SQA to be scrapped following long-awaited OECD review
The Scottish exams body is to be scrapped following the long-awaited publication of an independent review.
The Scottish Qualifications Authority (SQA) is to be replaced and Education Scotland – the inspection and curriculum development body – is to be substantially reformed, education secretary Shirley-Ann Sommerville has revealed.
The education overhaul is in response to the OECD’S – the Organisation for Economic Co-operation and Development Organisation – review of the Curriculum for Excellence, (CfE) which was published by the Scottish Government today.
Education Scotland will no longer undertake inspections, with this work becoming a separate, independent role. The Scottish Government will engage widely on the options for the future of inspection.
The OECD also suggests that the curriculum work currently undertaken by Education Scotland might best sit with any new curriculum and assessment body which will replace the SQA.
The report, which was commissioned by the government in 2020 to assess the design and implementation of the curriculum in schools and to identify areas for improvement across the country, sets out 12 recommendations, which the government has pledged to implement in full.
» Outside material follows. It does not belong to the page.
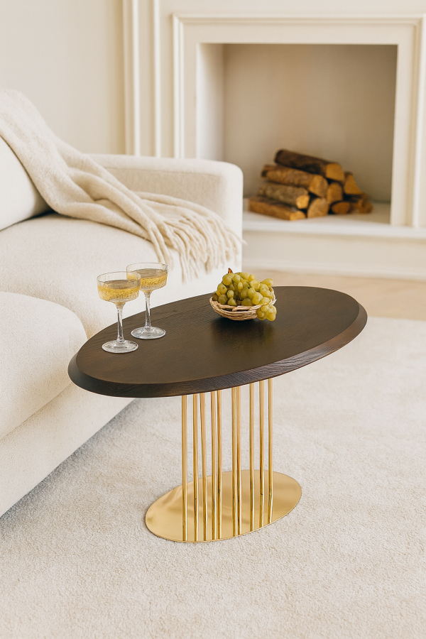 Журнальний стіл “Турмалін” в кольорі “Горіх Амарена” – стильний і елегантний акцент для вашого інтер’єру. Має прямокутну форму з витонченими золотими ніжками, що додають розкоші та легкості. Розміри столу: 900×550 мм. Поверхня з натурального дерева у темному відтінку, що підкреслює його вишуканість. Золотий каркас з тонкими металевими стійками створює відчуття легкості та модерну.

Publication of the report, which was pushed back as a result of the pandemic, has been withheld by government officials for several months.
The SQA has come under fire during the pandemic for how students’ grades have been decided following the cancellation of exams two years in a row.
According to the Scottish Government, changes to the assessment system will be “heavily informed” by the next OECD report, expected in the autumn, and by consultation with young people, parents, teachers and the wider education system.
On the necessity for a shake-up of exams, the OECD review reads: “A broader approach to external student assessment would allow SQA to explore a wider range of assessment options, including more use of information technology to provide online examination resources and more interactive approaches; opportunities for candidates to use computers to respond; incorporation of ePortfolio and personal projects for external marking; more use of oral presentations and practicals as a way to broaden the assessment formats.”
It goes on to recommend options to be considered and piloted which may allow for “fuller alignment” with the CfE, including a more central role for continuous teacher assessment during the course, based on classwork and school-based tests, as well as externally marked projects, extended essays, and oral and practical presentations.
The report also suggests “more use of digital opportunities for feedback and feedforward”.
In addition, the new review highlights that Scotland’s teachers have one of the highest rates of class-contact across OECD countries, saying “there is an obvious tension between this comparatively high rate of class contact and the expectations of CfE that teachers lead and plan curriculum locally”.
Reducing class-contact hours would give teachers “the dedicated time to lead, plan and support CfE at the school level”, it says.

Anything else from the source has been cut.